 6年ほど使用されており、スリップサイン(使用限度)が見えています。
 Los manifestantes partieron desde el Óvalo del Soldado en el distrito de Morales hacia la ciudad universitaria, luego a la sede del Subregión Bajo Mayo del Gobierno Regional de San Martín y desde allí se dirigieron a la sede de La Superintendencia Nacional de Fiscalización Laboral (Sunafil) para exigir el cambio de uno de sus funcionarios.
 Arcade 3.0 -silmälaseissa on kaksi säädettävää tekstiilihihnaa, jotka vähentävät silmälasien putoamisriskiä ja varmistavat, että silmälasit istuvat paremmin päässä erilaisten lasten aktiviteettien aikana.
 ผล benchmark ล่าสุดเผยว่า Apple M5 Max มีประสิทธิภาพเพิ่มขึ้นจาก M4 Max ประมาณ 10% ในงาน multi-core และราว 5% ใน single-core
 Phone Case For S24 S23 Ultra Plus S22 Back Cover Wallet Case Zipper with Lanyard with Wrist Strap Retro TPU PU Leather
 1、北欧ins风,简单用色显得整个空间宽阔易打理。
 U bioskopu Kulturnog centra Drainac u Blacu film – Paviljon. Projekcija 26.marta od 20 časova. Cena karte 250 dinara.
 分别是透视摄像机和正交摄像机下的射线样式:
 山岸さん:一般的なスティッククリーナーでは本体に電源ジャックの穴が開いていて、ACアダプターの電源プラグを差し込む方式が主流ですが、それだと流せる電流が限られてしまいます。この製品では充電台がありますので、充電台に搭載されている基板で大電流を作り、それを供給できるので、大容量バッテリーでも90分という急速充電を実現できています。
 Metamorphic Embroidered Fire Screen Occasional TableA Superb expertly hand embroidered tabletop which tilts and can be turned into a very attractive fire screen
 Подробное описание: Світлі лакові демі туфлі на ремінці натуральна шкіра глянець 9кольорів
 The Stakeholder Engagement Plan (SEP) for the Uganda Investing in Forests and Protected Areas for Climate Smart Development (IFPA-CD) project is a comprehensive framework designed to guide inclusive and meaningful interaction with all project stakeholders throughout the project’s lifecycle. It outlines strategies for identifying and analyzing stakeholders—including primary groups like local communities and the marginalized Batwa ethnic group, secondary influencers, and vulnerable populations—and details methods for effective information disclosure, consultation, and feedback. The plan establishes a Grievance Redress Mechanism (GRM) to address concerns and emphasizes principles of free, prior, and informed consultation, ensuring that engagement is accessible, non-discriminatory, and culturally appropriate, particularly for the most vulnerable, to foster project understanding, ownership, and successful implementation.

========================================

- The task -
Each line of the material is to be returned precisely as written.

- Completed exercise -
 6年ほど使用されており、スリップサイン(使用限度)が見えています。
 Los manifestantes partieron desde el Óvalo del Soldado en el distrito de Morales hacia la ciudad universitaria, luego a la sede del Subregión Bajo Mayo del Gobierno Regional de San Martín y desde allí se dirigieron a la sede de La Superintendencia Nacional de Fiscalización Laboral (Sunafil) para exigir el cambio de uno de sus funcionarios.
 Arcade 3.0 -silmälaseissa on kaksi säädettävää tekstiilihihnaa, jotka vähentävät silmälasien putoamisriskiä ja varmistavat, että silmälasit istuvat paremmin päässä erilaisten lasten aktiviteettien aikana.
 ผล benchmark ล่าสุดเผยว่า Apple M5 Max มีประสิทธิภาพเพิ่มขึ้นจาก M4 Max ประมาณ 10% ในงาน multi-core และราว 5% ใน single-core
 Phone Case For S24 S23 Ultra Plus S22 Back Cover Wallet Case Zipper with Lanyard with Wrist Strap Retro TPU PU Leather
 1、北欧ins风,简单用色显得整个空间宽阔易打理。
 U bioskopu Kulturnog centra Drainac u Blacu film – Paviljon. Projekcija 26.marta od 20 časova. Cena karte 250 dinara.
 分别是透视摄像机和正交摄像机下的射线样式:
 山岸さん:一般的なスティッククリーナーでは本体に電源ジャックの穴が開いていて、ACアダプターの電源プラグを差し込む方式が主流ですが、それだと流せる電流が限られてしまいます。この製品では充電台がありますので、充電台に搭載されている基板で大電流を作り、それを供給できるので、大容量バッテリーでも90分という急速充電を実現できています。
 Metamorphic Embroidered Fire Screen Occasional TableA Superb expertly hand embroidered tabletop which tilts and can be turned into a very attractive fire screen
 Подробное описание: Світлі лакові демі туфлі на ремінці натуральна шкіра глянець 9кольорів
 The Stakeholder Engagement Plan (SEP) for the Uganda Investing in Forests and Protected Areas for Climate Smart Development (IFPA-CD) project is a comprehensive framework designed to guide inclusive and meaningful interaction with all project stakeholders throughout the project’s lifecycle. It outlines strategies for identifying and analyzing stakeholders—including primary groups like local communities and the marginalized Batwa ethnic group, secondary influencers, and vulnerable populations—and details methods for effective information disclosure, consultation, and feedback. The plan establishes a Grievance Redress Mechanism (GRM) to address concerns and emphasizes principles of free, prior, and informed consultation, ensuring that engagement is accessible, non-discriminatory, and culturally appropriate, particularly for the most vulnerable, to foster project understanding, ownership, and successful implementation.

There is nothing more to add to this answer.